In the figure below, we can see that a potential candidate for a core point, can not be a core point when the minimum samples parameter is selected as four. It only has three points (including itself= within its neighborhood and therefore does not meet the threshold requirement. However the point below seems satisfy the requirement with 6 points within its neighborhood. Diagram to explain point types

DBSCAN model steps:

  1. Select a random data point from the data
  2. Determine the number of points within its neighborhood using epsilon. If it is more than than the minimum samples parameter, assign it as a cluster. If less, than as noise/outlier point
  3. We add the neighborhood as a part of the cluster. This results in neighborhood of each data point in the cluster also adding to the cluster distance. This way the cluster enlarges with new data points as their neighborhood (epsilon) is also added to the cluster until no further data points can be added to the cluster
  4. The steps 2-4 are repeated until all data points have been selected and labeled

Reference

Reference

from sklearn.cluster import DBSCAN
db = DBSCAN(eps = 0.2, min_samples=7).fit(moons_X)
clusters = db.labels_
plt.scatter(moons_X[clusters == 0, 0], moons_X[clusters == 0, 1], label = 'Type 1')
plt.scatter(moons_X[clusters == 1, 0], moons_X[clusters == 1, 1], label = 'Type 2')
plt.scatter(moons_X[clusters == 2, 0], moons_X[clusters == 2, 1], label = 'Type 3')
plt.scatter(moons_X[clusters == -1, 0], moons_X[clusters == -1, 1], label = 'Outlier')
plt.title('Clusters')
plt.show()

We have talked enough about the DBSCAN model and its concept. We can use the DBSCAN model from Sklearn to cluster the iris dataset and compare its performance to other clustering algorithms.

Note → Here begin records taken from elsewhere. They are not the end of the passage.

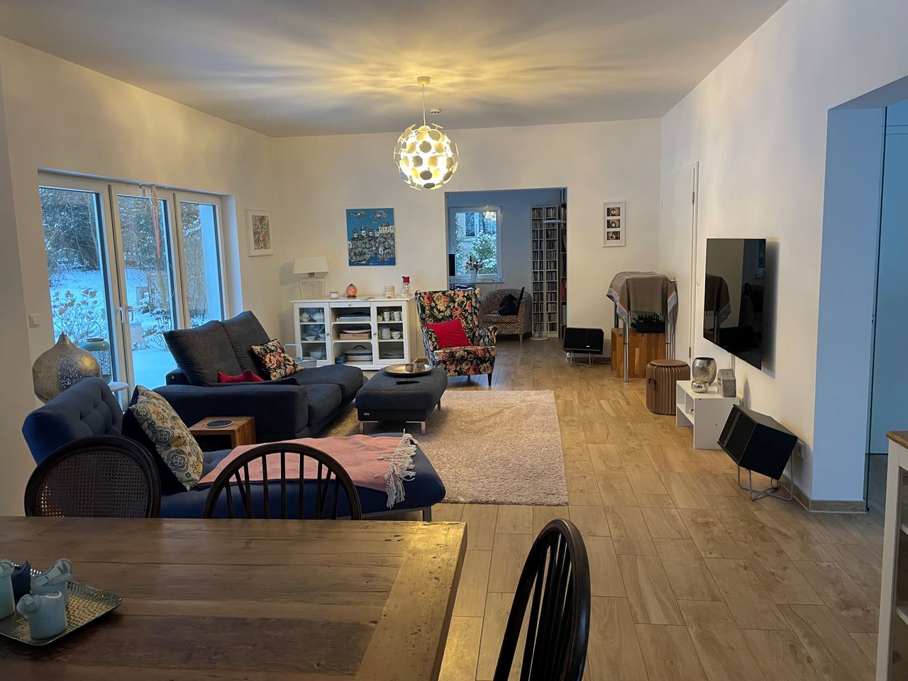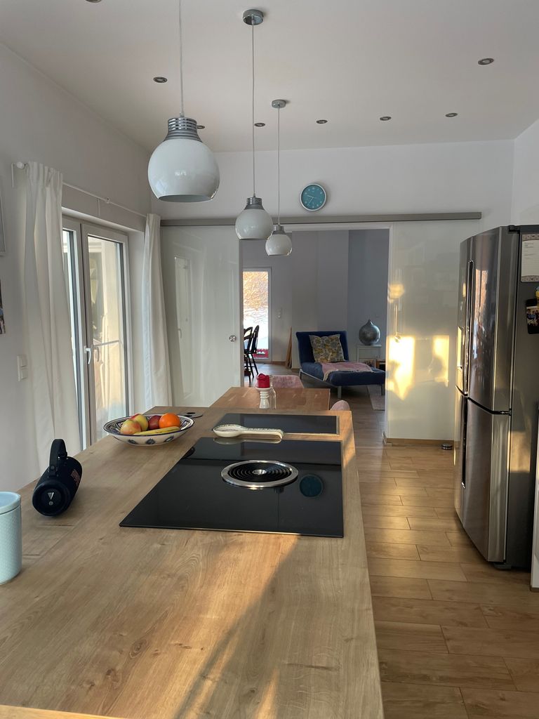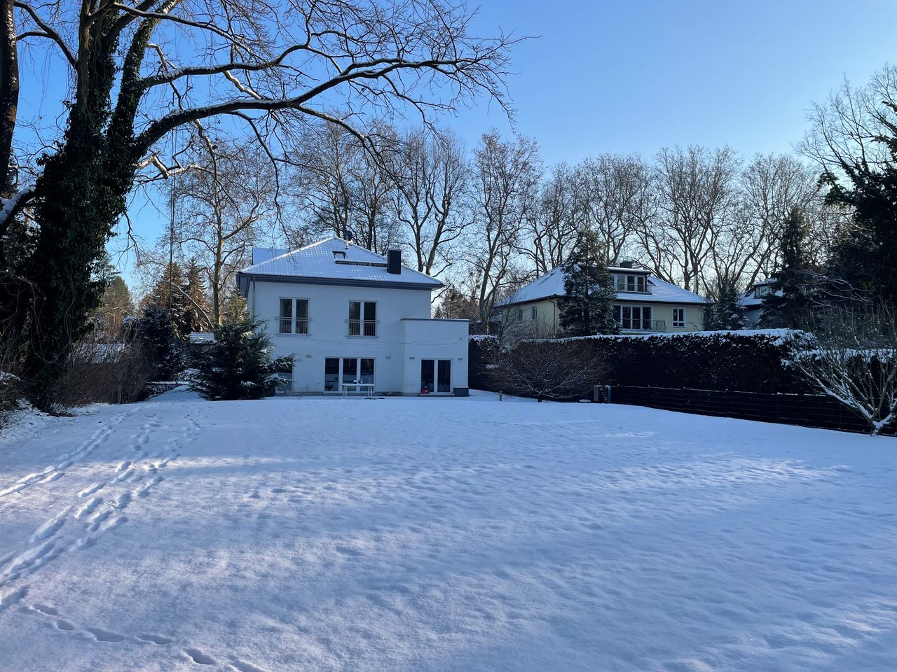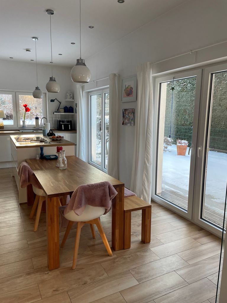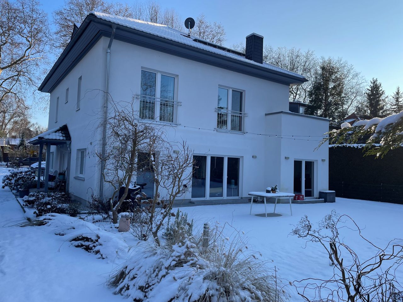 großes Einfamilienhaus im modernen Stil mit großflächigem Garten vor und hinter dem Haus, sehr hell mit großem Wohn-, Essbereich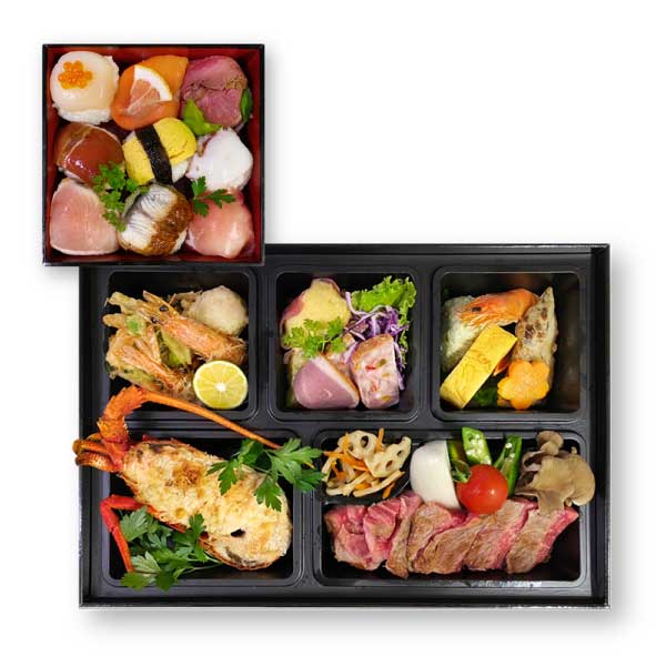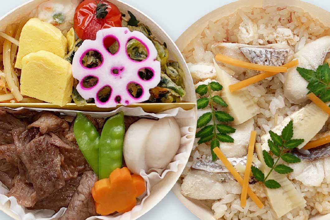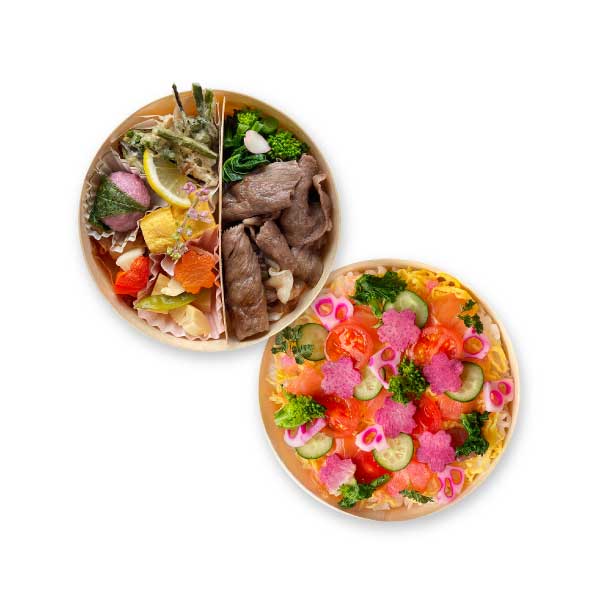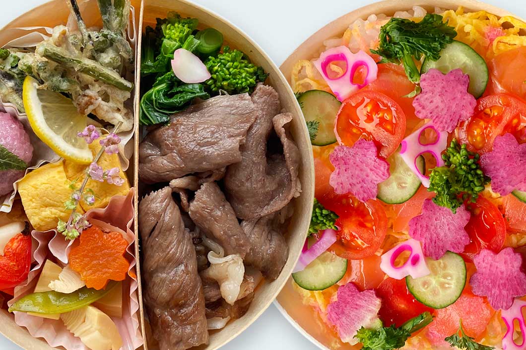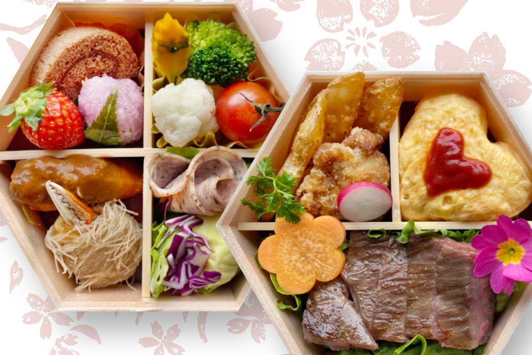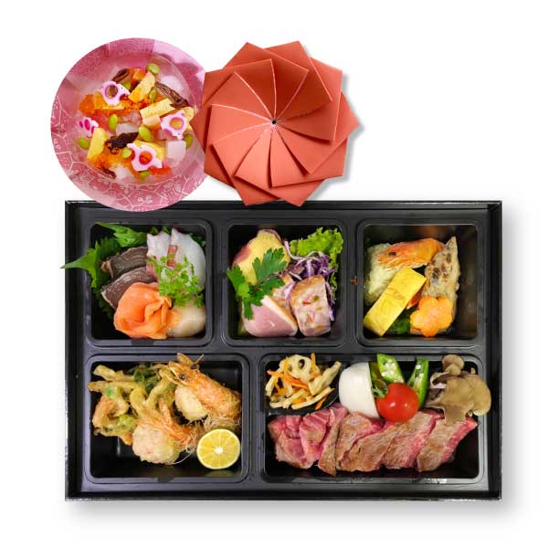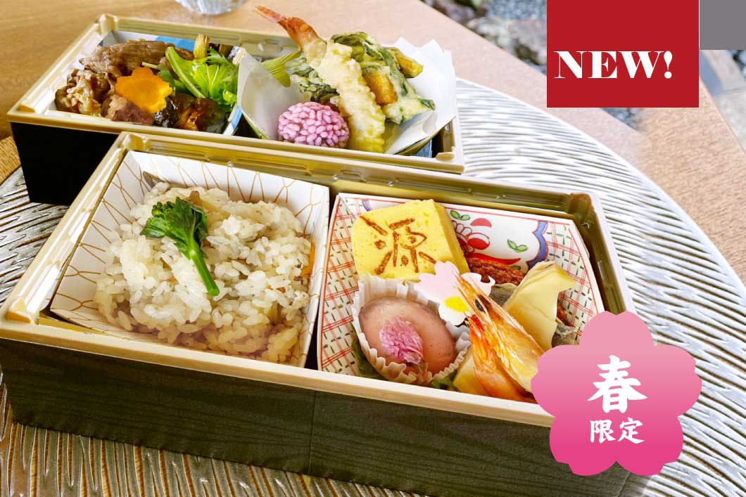 奈義和牛のすき焼き、春の炊き込みご飯の、豪華な春弁当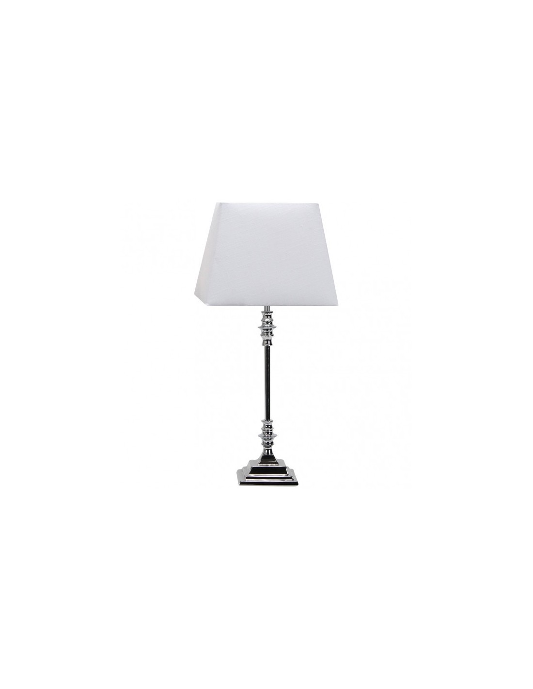 Sobremesa serie Shubunkin en color CROMO de estilo clásico, sencillo y elegante con pantalla cuadrada blanca. Portalámparas E27. Bombilla no incluida. Tiene una medida de 54.5X25X25 centímetros. Modelo también disponible en color Marrón Rústico/Beis.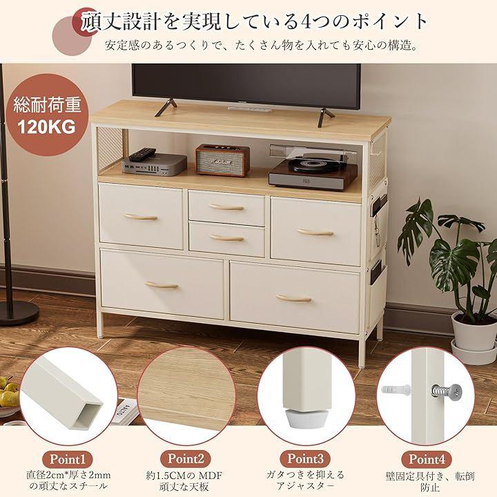 「強度抜群の構造で安定&安全のチェスト」耐久性に優れた中空スチールフレーム(幅約1.5cm)を採用し、引き出しにたっぷり収納しても安定した強度を維持。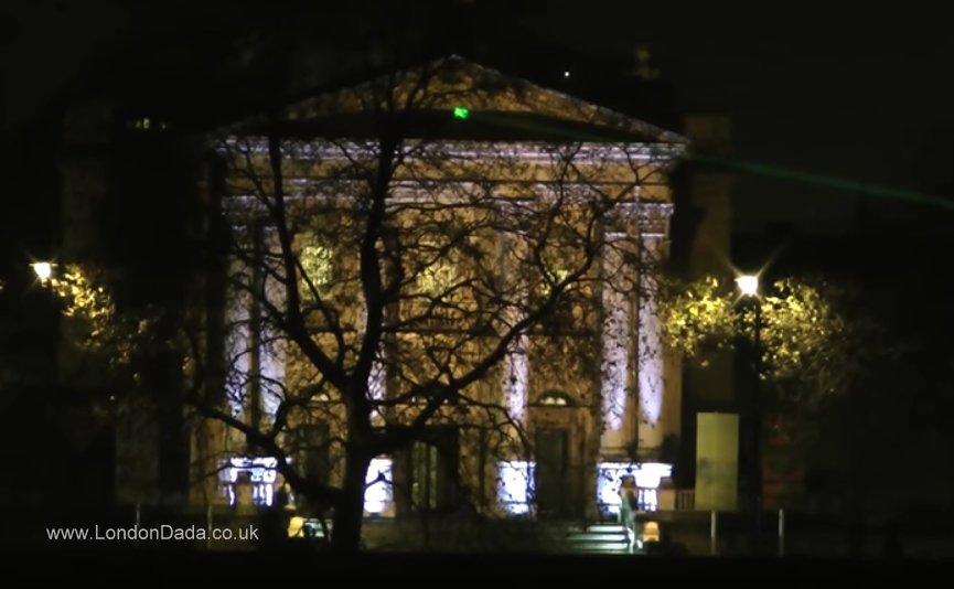Turner Prize 2016 Dada protest happening work comprising a single green laser light projected across the River Thames onto the E. facing top stone gable facade of Tate Britain, Millbank, London on the evening of the 5th December 2016 as the Turner Prize presentation award was being held within.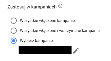 Gdy to zrobimy, musimy zaznaczyć dla których kampanii chcemy ustalić daną regułę. Wstępnie jest ona zadeklarowana dla kampanii, które zaznaczyliśmy na początku procesu.

db = DBSCAN(eps = 0.4, min_samples=4).fit(data) # we can play with the epsion variable and see how choosing a large value creates 
#                                             a single large cluster and choosing a small value, creates small clusters with many outliers
clusters = db.labels_
plt.scatter(data[clusters == 0, 0], data[clusters == 0, 1], label = 'Type 1')
plt.scatter(data[clusters == 1, 0], data[clusters == 1, 1], label = 'Type 2')
plt.scatter(data[clusters == 2, 0], data[clusters == 2, 1], label = 'Type 3')
plt.scatter(data[clusters == -1, 0], data[clusters == -1, 1], label = 'Outlier')
plt.title('Clusters')
plt.show()

How to select Epsilon?

We can use the K-distance graph which we previously mentioned to find an ideal epsilon value. K-distance graph shows us the distance between each datapoint and its K nearest neigbors. For this we have to calculate the Nearest Neighbors and their distance using the NearestNeighbors from sklearn. The average distances are then plotted against the number of points used to calculate the distance. The most optimal value as epsilon is the distance where the graph has the highest curvature (at the elbow). Looking at the graph we can easily intrepret that this point signals us the point where the density border of the cluster lies. After this point, the average distance increases greatly with fewer number of points, because they lay farther than the rest of the points (potential outliers).

This point represents the optimization point where diminishing returns are no longer worth the additional cost. This concept of diminishing returns applies here because while increasing the number of clusters will always improve the fit of the model, it also increases the risk that overfitting will occur.

Reference

Let's calculate the ideal epsilon for iris dataset. We can use the min samples value that we have used as the value for number of neighbors.

from sklearn.neighbors import NearestNeighbors
neighbors = NearestNeighbors(n_neighbors=4)
neighbors_fit = neighbors.fit(data)
distances, indices = neighbors_fit.kneighbors(data)
import numpy as np
distances = np.sort(distances, axis=0)
distances = distances[:,1]
plt.plot(distances)
[<matplotlib.lines.Line2D at 0x7fc36d5154d0>]

As seen, the highest curvature is reached at average distance 0.4, which would also the epsilon which we used previously.